WHAT YOU HAVE TO DO: Return all the entries below exactly, except for the images they hold.

[Records from a collection]
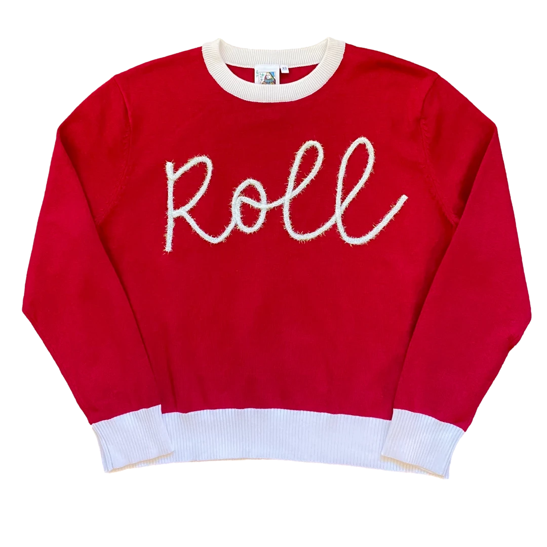 Queen Of Sparkles Glitter Script “Roll” Long Sleeve Sweater
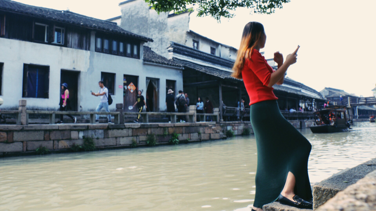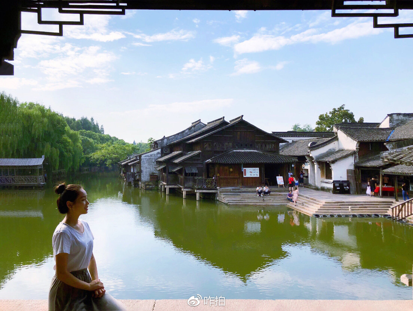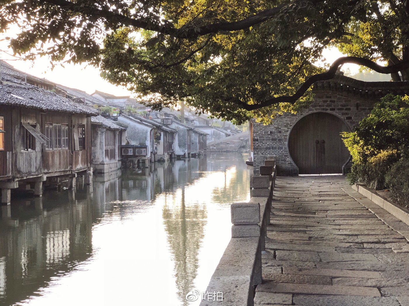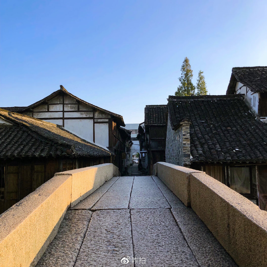 北岸著名的一个必打卡的地就是茅盾故居了,人很多,进去根本没法拍照,所以你在门口仰拍一张这样的照片 还是蛮不错的:
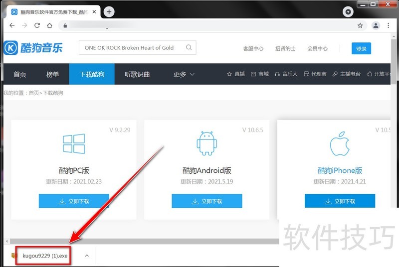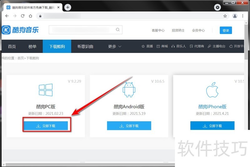 1、 打开酷狗官网,点击“下载酷狗”。
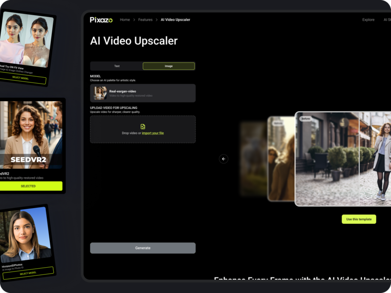 Accelerate your workflow and cut down on expensive reshoots with intelligent video enhancement. Pixazo’s AI ensures exceptional results in seconds—so you can focus on creation, not correction.
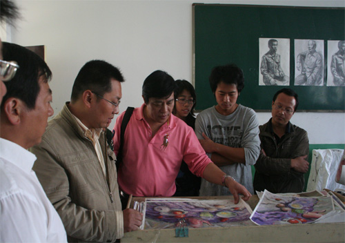 10月26日beat365中国唯一官网部分美术教师在王晓刚校长和薛仲延书记的带领下,前往姜堰市美术学校参观、学习,与该校美术专业教师共同探讨教学经验,并现场观摩该校高三学生作画,相互交流两校学生习作,为增进两校美术专业教学共同发展和提高教学水平,架起了友谊的桥梁。
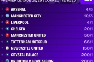 体育资讯10月20日讯 利物浦不敌曼联,遭遇联赛三连败。英超夺冠赔率方面,阿森纳以5赔4的赔率成为最大的夺冠热门。曼城以3赔10的赔率位居第二,利物浦则以1赔4的赔率排名第三。
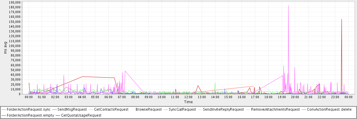 avg(FolderActionRequest.sync) = 10546.00 avg(SendMsgRequest) = 1233.58 avg(GetContactsRequest) = 2517.78 avg(BrowseRequest) = 706.50 avg(SyncGalRequest) = 5924.48 avg(SendInviteReplyRequest) = 1029.33 avg(RemoveAttachmentsRequest) = 730.41 avg(ConvActionRequest.delete) = 1182.21 avg(FolderActionRequest.empty) = 4559.42 avg(GetQuotaUsageRequest) = 1085.00
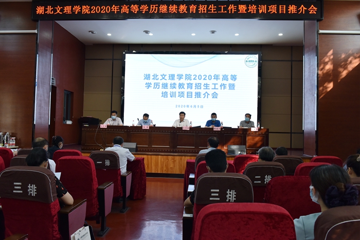 (继续教育学院 通讯员 郑安云)6月5日,学校继续教育学院·培训学院主办的“湖北文理学院2020年高等学历继续教育招生工作暨培训项目推介会”在襄阳市工会干部学校召开。副校长朱青林、继续教育工作领导小组成员代表、30余个函授站(点)和培训机构的代表共计60余人参加推介会。湖北三环锻造有限公司、湖北省石花酿酒股份有限公司、聚星馆股份有限公司(湖北)等单位派代表到会祝贺。会议由继续教育学院·培训学院院长张来斌主持。

EXERCISE ANSWER:
 Queen Of Sparkles Glitter Script “Roll” Long Sleeve Sweater
 北岸著名的一个必打卡的地就是茅盾故居了,人很多,进去根本没法拍照,所以你在门口仰拍一张这样的照片 还是蛮不错的:
 1、 打开酷狗官网,点击“下载酷狗”。
 Accelerate your workflow and cut down on expensive reshoots with intelligent video enhancement. Pixazo’s AI ensures exceptional results in seconds—so you can focus on creation, not correction.
 10月26日beat365中国唯一官网部分美术教师在王晓刚校长和薛仲延书记的带领下,前往姜堰市美术学校参观、学习,与该校美术专业教师共同探讨教学经验,并现场观摩该校高三学生作画,相互交流两校学生习作,为增进两校美术专业教学共同发展和提高教学水平,架起了友谊的桥梁。
 体育资讯10月20日讯 利物浦不敌曼联,遭遇联赛三连败。英超夺冠赔率方面,阿森纳以5赔4的赔率成为最大的夺冠热门。曼城以3赔10的赔率位居第二,利物浦则以1赔4的赔率排名第三。
 avg(FolderActionRequest.sync) = 10546.00 avg(SendMsgRequest) = 1233.58 avg(GetContactsRequest) = 2517.78 avg(BrowseRequest) = 706.50 avg(SyncGalRequest) = 5924.48 avg(SendInviteReplyRequest) = 1029.33 avg(RemoveAttachmentsRequest) = 730.41 avg(ConvActionRequest.delete) = 1182.21 avg(FolderActionRequest.empty) = 4559.42 avg(GetQuotaUsageRequest) = 1085.00
 (继续教育学院 通讯员 郑安云)6月5日,学校继续教育学院·培训学院主办的“湖北文理学院2020年高等学历继续教育招生工作暨培训项目推介会”在襄阳市工会干部学校召开。副校长朱青林、继续教育工作领导小组成员代表、30余个函授站(点)和培训机构的代表共计60余人参加推介会。湖北三环锻造有限公司、湖北省石花酿酒股份有限公司、聚星馆股份有限公司(湖北)等单位派代表到会祝贺。会议由继续教育学院·培训学院院长张来斌主持。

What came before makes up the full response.